Closed FernandoGarzon closed 1 year ago
@dciangot, since Eric is on holiday this week, can you take a look at this?
sure, @FernandoGarzon I'll need some details to reproduce the problem. In particular I think that reason
and rse
would be enough
For sure.
The last couple of times I tried to run a Script that called this function, I wrote this:
#!/usr/bin/env python
import sys
import traceback
import os
import multiprocessing as mp
from rucio.client import Client
rucio = Client()
rucio.ping()
def invalidate_file(rse, name, reason):
rucio.declare_bad_did_replicas(rse=rse, dids=[{'scope':'cms', 'name':name}], reason=reason)
print('Done!')
if __name__ == '__main__':
rucio.ping()
rse = sys.argv[2]
reason = sys.argv[3]
name = sys.argv[1]
print(name, rse, reason)
invalidate_file(rse, name, reason)
In the console I run:
$ python3 invalidations.py /store/mc/HC/GenericTTbar/GEN-SIM-RECO/CMSSW_7_0_4_START70_V7-v1/00000/FA2381FE-13CD-E311-B009-02163E00F2B6.root T1_US_FNAL_Disk 'Test'
This used to work fine.
Indeed looks like a bug of some sort (*). I'm diving into the code base to be more precise. brb
(*)
[Thu Jun 16 15:21:52.140898 2022] [wsgi:error] [pid 142922:tid 140110672299776] [remote 10.100.20.128:54946] Traceback (most recent call last):
[Thu Jun 16 15:21:52.140902 2022] [wsgi:error] [pid 142922:tid 140110672299776] [remote 10.100.20.128:54946] File "/usr/local/lib/python3.6/site-packages/rucio/web/rest/flaskapi/v1/common.py", line 55, in dispatch_request
[Thu Jun 16 15:21:52.140906 2022] [wsgi:error] [pid 142922:tid 140110672299776] [remote 10.100.20.128:54946] return super(ErrorHandlingMethodView, self).dispatch_request(*args, **kwargs)

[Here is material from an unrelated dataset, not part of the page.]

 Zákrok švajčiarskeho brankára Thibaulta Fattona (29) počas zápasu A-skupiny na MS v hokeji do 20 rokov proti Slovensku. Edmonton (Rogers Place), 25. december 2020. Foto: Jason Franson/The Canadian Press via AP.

[Thu Jun 16 15:21:52.140909 2022] [wsgi:error] [pid 142922:tid 140110672299776] [remote 10.100.20.128:54946] File "/usr/local/lib/python3.6/site-packages/flask/views.py", line 158, in dispatch_request
[Thu Jun 16 15:21:52.140911 2022] [wsgi:error] [pid 142922:tid 140110672299776] [remote 10.100.20.128:54946] return current_app.ensure_sync(meth)(*args, **kwargs)

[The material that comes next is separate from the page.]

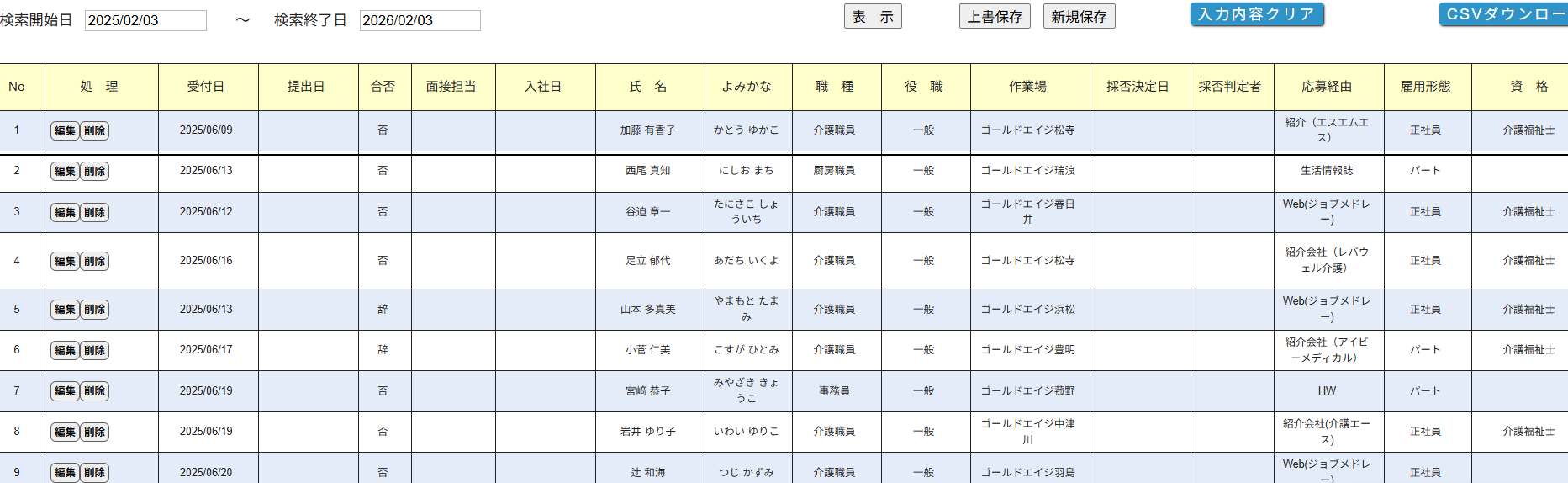 お世話になります。基本データ→採用管理で少し下へスクロールしたところにある登録済みの方々の一覧ですが、この並び順序は登録した順番に最下段へ追加される規則でしょうか? 受付日、提出日、入社日は関係なく新たに登録されると最下段に順次追加される、という事でしょうか?

[Thu Jun 16 15:21:52.140914 2022] [wsgi:error] [pid 142922:tid 140110672299776] [remote 10.100.20.128:54946] File "/usr/local/lib/python3.6/site-packages/rucio/web/rest/flaskapi/v1/replicas.py", line 793, in post
[Thu Jun 16 15:21:52.140917 2022] [wsgi:error] [pid 142922:tid 140110672299776] [remote 10.100.20.128:54946] vo=request.environ.get('vo'),
[Thu Jun 16 15:21:52.140919 2022] [wsgi:error] [pid 142922:tid 140110672299776] [remote 10.100.20.128:54946] File "/usr/local/lib/python3.6/site-packages/rucio/db/sqla/session.py", line 365, in new_funct
[Thu Jun 16 15:21:52.140922 2022] [wsgi:error] [pid 142922:tid 140110672299776] [remote 10.100.20.128:54946] result = function(*args, **kwargs)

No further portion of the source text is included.